Otra cosa que me parece ya muy fuerte, son los cortes. A ver, en este tema no quiero meter la pata. Me refiero a la gente que se hace cortes para llamar la atención. Porque se que hay mucha gente que se corta para aliviarse de otra manera, yo lo hice en su momento, aunque sé que eso tampoco está nada bien, pero lastimar tu cuerpo por el simple echo de ser el centro de atención me parece algo muy miserable y ruin. Porque hay gente, que se corta y cuelga fotografías de sus cortes en internet, o los va enseñando por ahí, normalmente con algún mensaje como "lo hago porque no estás conmigo" y cosas así. Es algo que no soporto, porque conozco personas que tienen cortes, pero por otros motivos, que lo último que quieren es que todo el mundo lo vea.

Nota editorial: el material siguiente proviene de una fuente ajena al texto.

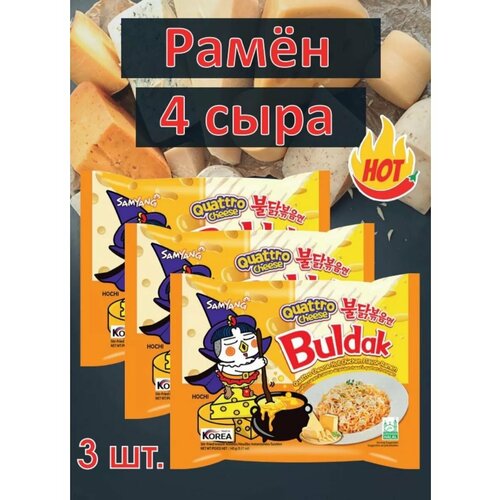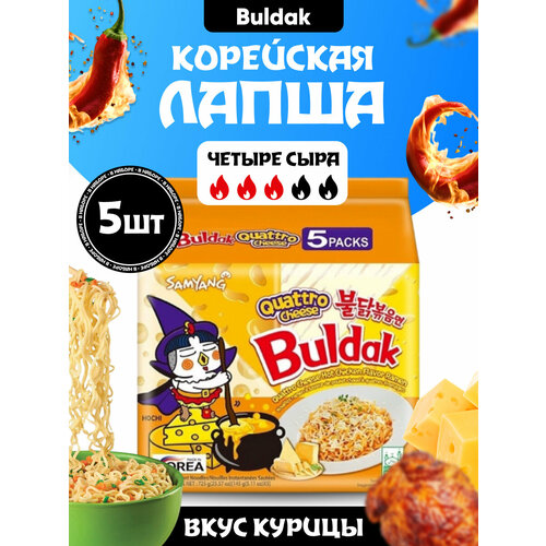 Лапша быстрого приготовления Samyang Buldak "Quattro Cheese", пшеничная, острая, со вкусом 4 сыра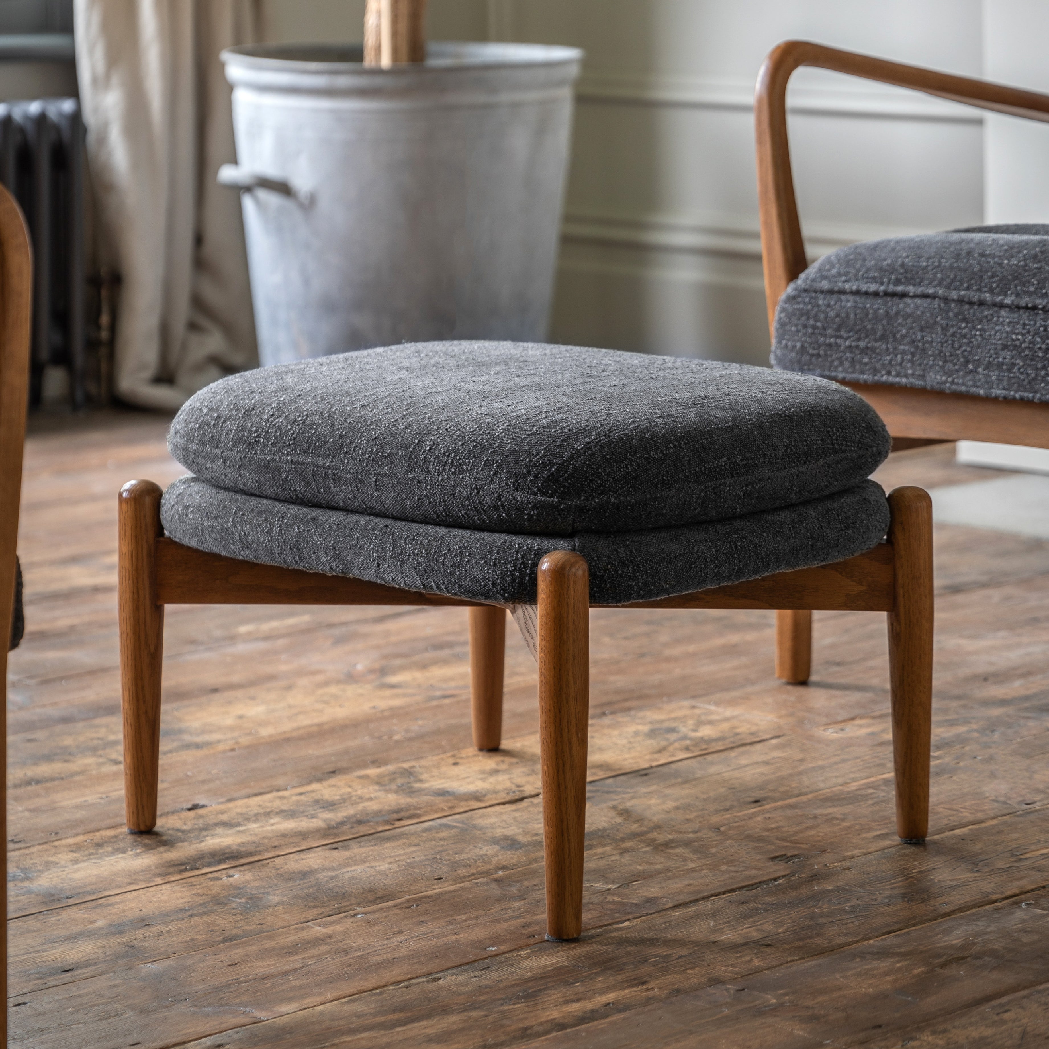 With its compact design and plush cushioning, this footstool is crafted for ultimate relaxation, allowing you to rest your feet in style. The soft upholstery complements any decor, while its sturdy wooden legs provide both stability and a touch of timeless elegance.

Vuelvo a repetir que no quiero que nadie me malinterprete. Se que hay algunas personas con problemas de verdad, que tiene cortes o cualquier otra cosa, que no lo hace por llamar la atención ni nada parecido. Yo sólo quiero que me entendáis, que no es igual de grave que te deje tu novio, a perder un padre. Que no es igual de grave repetir curso a tener cáncer. Yo lo único que quiero es que nadie juegue con este tipo de cosas, porque hay gente que realmente lo pasa muy mal cada día y siguen ahí después de todo. Y que si realmente estáis mal, pues deberíais recibir la ayuda de psicólogos cualificados, no de gente de internet.
Ahora quiero pedir disculpas a todo el que se haya sentido mal u ofendido, no era mi intención, yo solo expreso lo que pienso e intento ayudar lo mejor posible, a veces con textos como este, que a primera vista os parecerá que lo hago por ofender, pero si lo leéis bien y detenidamente entenderéis que lo hago por vuestro bien.